- **EXERCISE DATA**:
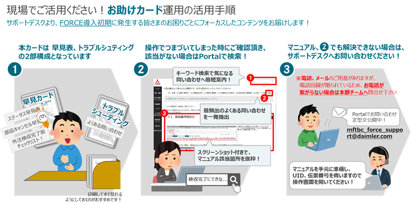 日々操作でお困りのシーンでは、マニュアル/FORCE Portalと併せてぜひ活用ください!
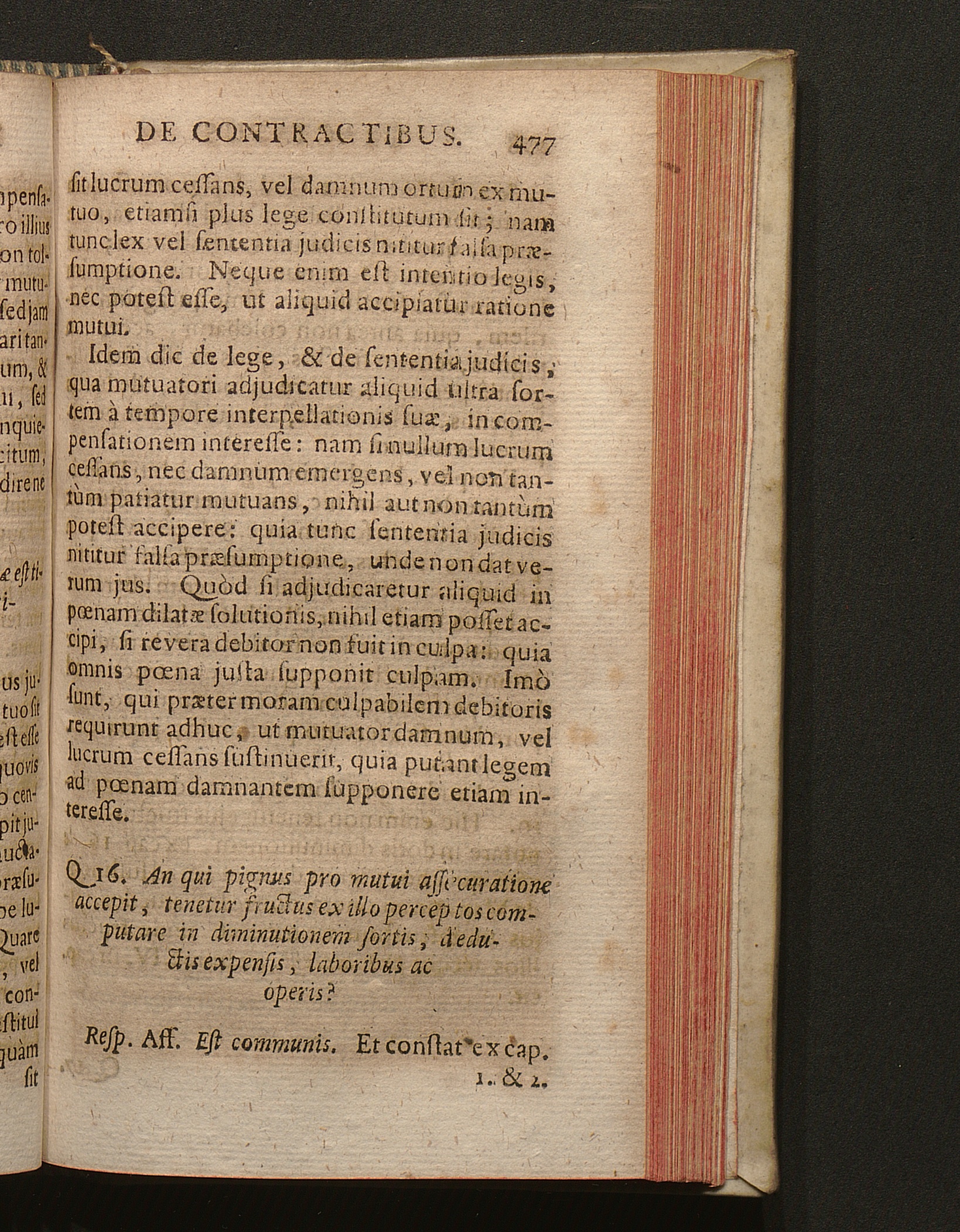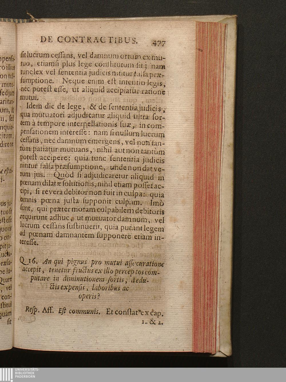 Q. 16. An qui pignus pro mutui assecuratione accepit, tenetur fructus ex illo perceptos[...]
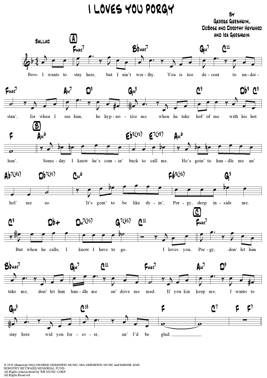 Digital Sheet Music for I Loves You Porgy by , George Gershwin, Ira Gershwin, Dubose & Dorothy Heyward scored for Lead Sheet; id:308343
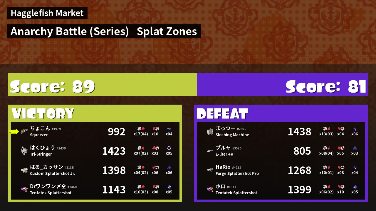 | Mode | Splat Zones - Anarchy Battle (Series) | ||
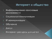 Интернет и общество 1 Информационно-поисковые возможности 2 Социальные
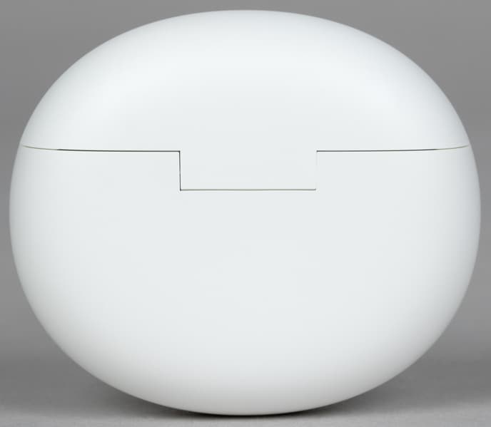 У нас на тестировании на этот раз оказалась бело-серая модель. Кейс выполнен из приятного на ощупь матового пластика, который не склонен покрываться пятнами от прикосновений. Ура, времена марких глянцевых белых кейсов потихоньку уходят в прошлое. А вот наушники сделаны глянцевыми — на них пятна появляются моментально. К счастью, они не очень заметны и легко удаляются.
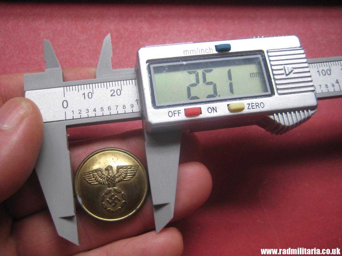 Today I am selling a genuine WW2 German BUTTON made of zinc in good used condition. Large size – diameter 25mm, weight:3.6g. I did not find any maker marks on the reverse side. It is made of bronze plated zinc (non magnetic). The condition and all details you will find in photographs. It is genuine German large size button with eagle from WW2 era. 100% genuine.
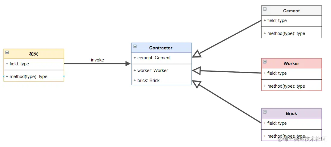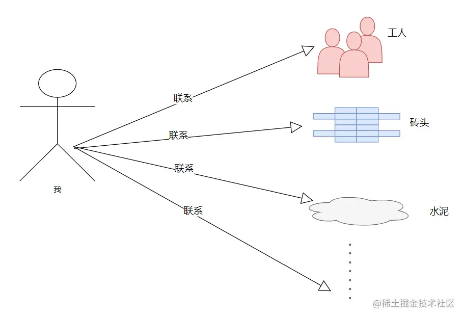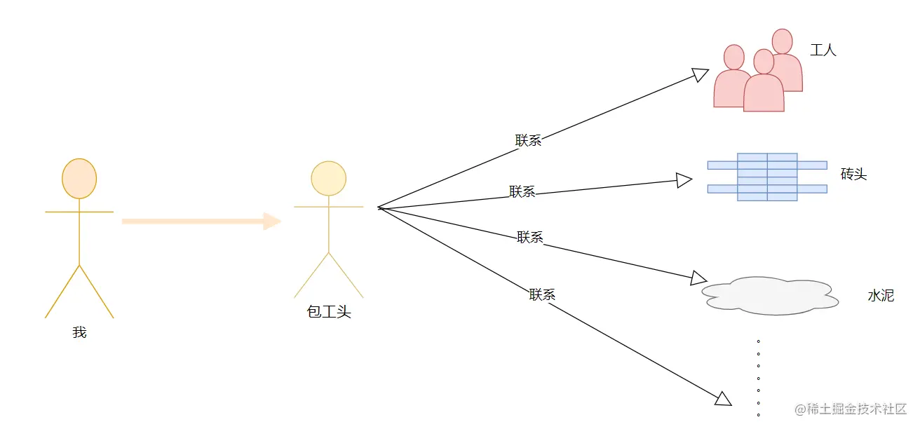 盖房子需要工人,砖头,水泥等等,我们需要一个一个联系所需要的人。但我这么聪明当然不会这么干了,所以我找了一个人来帮我完成这些事情,于是就成为了这样的流程。
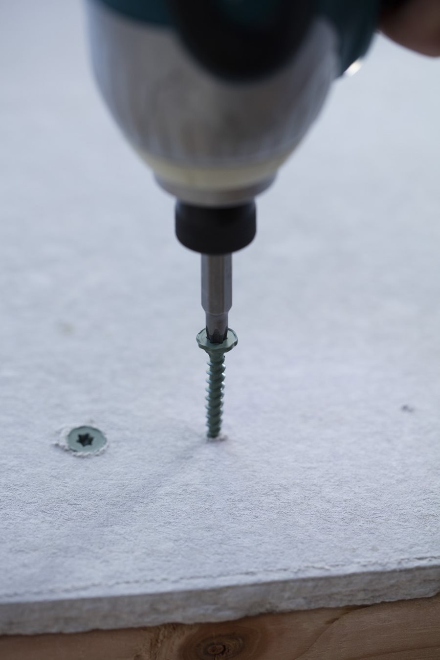 In ceiling applications, screws should be placed every 6"". You will use approximately 55 screws per 3' x 5' cement board and 150 screws per 4' x 8' cement board.
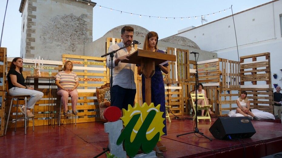 Abrían la noche los jóvenes Javier Sánchez y Cristina González de la asamblea local de IU, presentando esta suerte de encuentro de amigos literatos y músicos que tienen los roteños como anfitriones, y con la colaboración de miembros de Bombastic Teatro que hicieron de presentadores introduciendo el significado de estilos literarios o musicales, fueron dando paso a los participantes.
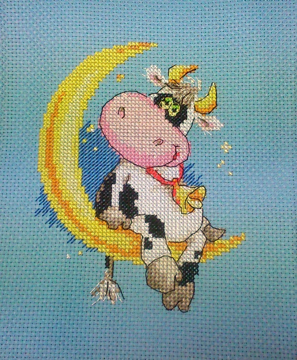 Вышивка крестом"Корова летела по небу, а вокруг неё вились, как золотые пчёлки, звёзды. Но вот скоро её ослепил холодный лунный свет. Она зажмурилась и прыгнула...."
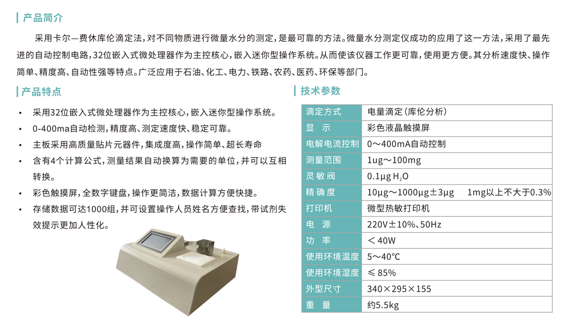 采用卡爾一費(fèi)休庫(kù)倫滴定法,對(duì)不同物質(zhì)進(jìn)行微量水分的測(cè)定,是最可靠的方法。微量水分測(cè)定儀成功的應(yīng)用了這一方法,采用了最先
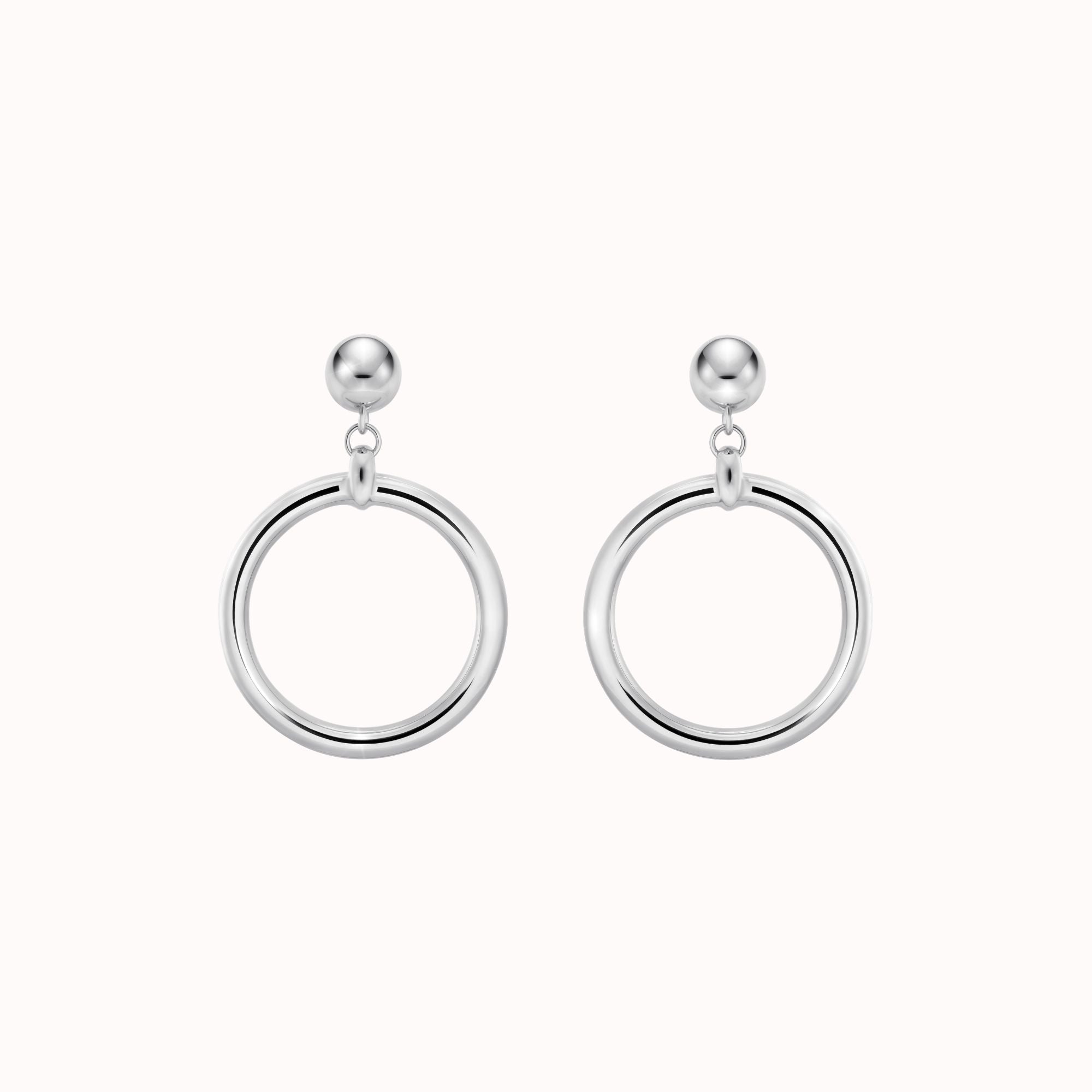 The design features a hollow hoop structure with a central stud, creating a bold yet lightweight profile that remains comfortable throughout the day. With a graceful 4cm drop, the earrings frame the face with understated sophistication—perfect for both everyday elegance and evening occasions.

- **YOUR INSTRUCTIONS**: If an entry contains an image, skip the image and return the rest of the listing unchanged.

- **EXPECTED OUTPUT**:
 日々操作でお困りのシーンでは、マニュアル/FORCE Portalと併せてぜひ活用ください!
 Q. 16. An qui pignus pro mutui assecuratione accepit, tenetur fructus ex illo perceptos[...]
 Digital Sheet Music for I Loves You Porgy by , George Gershwin, Ira Gershwin, Dubose & Dorothy Heyward scored for Lead Sheet; id:308343
 | Mode | Splat Zones - Anarchy Battle (Series) | ||
 Интернет и общество 1 Информационно-поисковые возможности 2 Социальные
 У нас на тестировании на этот раз оказалась бело-серая модель. Кейс выполнен из приятного на ощупь матового пластика, который не склонен покрываться пятнами от прикосновений. Ура, времена марких глянцевых белых кейсов потихоньку уходят в прошлое. А вот наушники сделаны глянцевыми — на них пятна появляются моментально. К счастью, они не очень заметны и легко удаляются.
 Today I am selling a genuine WW2 German BUTTON made of zinc in good used condition. Large size – diameter 25mm, weight:3.6g. I did not find any maker marks on the reverse side. It is made of bronze plated zinc (non magnetic). The condition and all details you will find in photographs. It is genuine German large size button with eagle from WW2 era. 100% genuine.
 盖房子需要工人,砖头,水泥等等,我们需要一个一个联系所需要的人。但我这么聪明当然不会这么干了,所以我找了一个人来帮我完成这些事情,于是就成为了这样的流程。
 In ceiling applications, screws should be placed every 6"". You will use approximately 55 screws per 3' x 5' cement board and 150 screws per 4' x 8' cement board.
 Abrían la noche los jóvenes Javier Sánchez y Cristina González de la asamblea local de IU, presentando esta suerte de encuentro de amigos literatos y músicos que tienen los roteños como anfitriones, y con la colaboración de miembros de Bombastic Teatro que hicieron de presentadores introduciendo el significado de estilos literarios o musicales, fueron dando paso a los participantes.
 Вышивка крестом"Корова летела по небу, а вокруг неё вились, как золотые пчёлки, звёзды. Но вот скоро её ослепил холодный лунный свет. Она зажмурилась и прыгнула...."
 采用卡爾一費(fèi)休庫(kù)倫滴定法,對(duì)不同物質(zhì)進(jìn)行微量水分的測(cè)定,是最可靠的方法。微量水分測(cè)定儀成功的應(yīng)用了這一方法,采用了最先
 The design features a hollow hoop structure with a central stud, creating a bold yet lightweight profile that remains comfortable throughout the day. With a graceful 4cm drop, the earrings frame the face with understated sophistication—perfect for both everyday elegance and evening occasions.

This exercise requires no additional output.